Jason Wei Najoung Kim Yi Tay Quoc V. Le
Scaling up language models has been empirically shown to improve performance and unlock emergent abilities. Conversely, observing worse performance as a function of scale (“inverse scaling”) would indicate that scaling encourages behaviors that are misaligned with human preferences. The Inverse Scaling Prize (McKenzie et al., 2022a) identiﬁed eleven such inverse scaling tasks, evaluated on models of up to 280B parameters and up to 500 zettaFLOPs of training compute.
This paper takes a closer look at these inverse scaling tasks. We evaluate models of up to 540B parameters, trained on ﬁve times more compute than those evaluated in the Inverse Scaling Prize. With this increased range of model sizes and training compute, only four out of the eleven tasks remain inverse scaling. Six out of the eleven tasks exhibit what we call “U-shaped scaling”—performance decreases up to a certain model size, and then increases again up to the largest model evaluated (the one remaining task displays positive scaling). U-shaped scaling suggests that the inverse scaling trend observed in McKenzie et al. (2022b,c) may not continue to hold for larger models, and adds further support to the claim that suﬃciently large models unlock emergent abilities.

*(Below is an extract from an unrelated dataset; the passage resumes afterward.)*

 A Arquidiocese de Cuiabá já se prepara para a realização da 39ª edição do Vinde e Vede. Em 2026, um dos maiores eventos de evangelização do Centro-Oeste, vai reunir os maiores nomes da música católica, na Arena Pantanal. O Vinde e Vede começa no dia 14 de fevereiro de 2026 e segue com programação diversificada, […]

Scaling up language models has been shown to improve model performance and unlock emergent abilities in a range of settings (Kaplan et al., 2020; Brown et al., 2020; Srivastava et al., 2022; Wei et al., 2022a, inter alia). However, are there any tasks for which model behavior gets worse as model scale increases? Such tasks have been referred to as inverse scaling tasks, and they could indicate that the models’ training data or optimization objectives are ﬂawed in some way (McKenzie et al., 2022a).
The Inverse Scaling Prize was created to identify these inverse scaling tasks for which larger language models show increasingly undesirable behavior, with winning submissions potentially receiving monetary awards from a $250k prize pool (McKenzie et al., 2022a). Submissions were scored based on a range of criteria including inverse scaling strength, task importance, novelty/surprisingness, task coverage, reproducibility, and inverse scaling generality across diﬀerent models.

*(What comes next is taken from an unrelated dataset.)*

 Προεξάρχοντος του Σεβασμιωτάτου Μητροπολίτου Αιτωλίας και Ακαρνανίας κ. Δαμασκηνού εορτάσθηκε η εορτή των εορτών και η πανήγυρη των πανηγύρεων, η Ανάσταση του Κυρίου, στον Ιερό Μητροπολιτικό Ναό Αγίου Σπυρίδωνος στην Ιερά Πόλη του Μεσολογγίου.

The Inverse Scaling Prize received over eighty unique submissions, with eleven tasks awarded Third Prizes, the datasets for which have been publicly released (McKenzie et al., 2022a). Inverse scaling curves for the eleven tasks were shown on a range of language models with scales spanning several orders of magnitude in parameters, including Gopher (42M–280B; Rae et al., 2021), Chinchilla (400M–70B; Hoﬀmann et al., 2022), and an Anthropic internal model (13M–52B). The eleven tasks are shown in Figure 3.

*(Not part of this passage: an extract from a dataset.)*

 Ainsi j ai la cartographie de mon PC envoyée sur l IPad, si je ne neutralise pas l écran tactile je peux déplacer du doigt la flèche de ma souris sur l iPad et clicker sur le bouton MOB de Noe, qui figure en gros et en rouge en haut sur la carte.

In this paper, we take a closer look at the scaling behaviors for these eleven tasks. First, we evaluate PaLM models of up to 540B parameters (Chowdhery et al., 2022), trained on about five times more compute than the models evaluated in the Inverse Scaling Prize submissions (see Table 1). Under this setup, we find that six out of the eleven tasks exhibit what we call U-shaped scaling: performance first decreases up to a certain model scale, and then increases again for larger models. With one task demonstrating positive scaling (monotonically increasing performance) with PaLM, this brings the number of inverse scaling tasks down to four in the context of the additional scale provided in our experiments. This ﬁnding of U-shaped scaling is consistent with prior observations of U-shaped scaling on BIG-Bench tasks such as TruthfulQA (Lin et al., 2022), Persian Idioms, and Identify Math Theorems (Srivastava et al., 2022, see Appendix Figure 7). The implication of U-shaped scaling is that inverse scaling curves may not extrapolate to larger scales, since performance could either keep decreasing (true inverse scaling), or start increasing (U-shaped scaling).
We do not experimentally investigate how or why U-shaped scaling occurs, but we hypothesize that it can happen when a task contains a “distractor task”. Medium-sized models can perform the distractor task better than smaller models, which hurts performance in comparison to the smaller models. As the models scale further, the larger models can ignore the distractor task and perform the true task, which can be seen as an emergent ability that derives from scaling (Ganguli et al., 2022; Wei et al., 2022a).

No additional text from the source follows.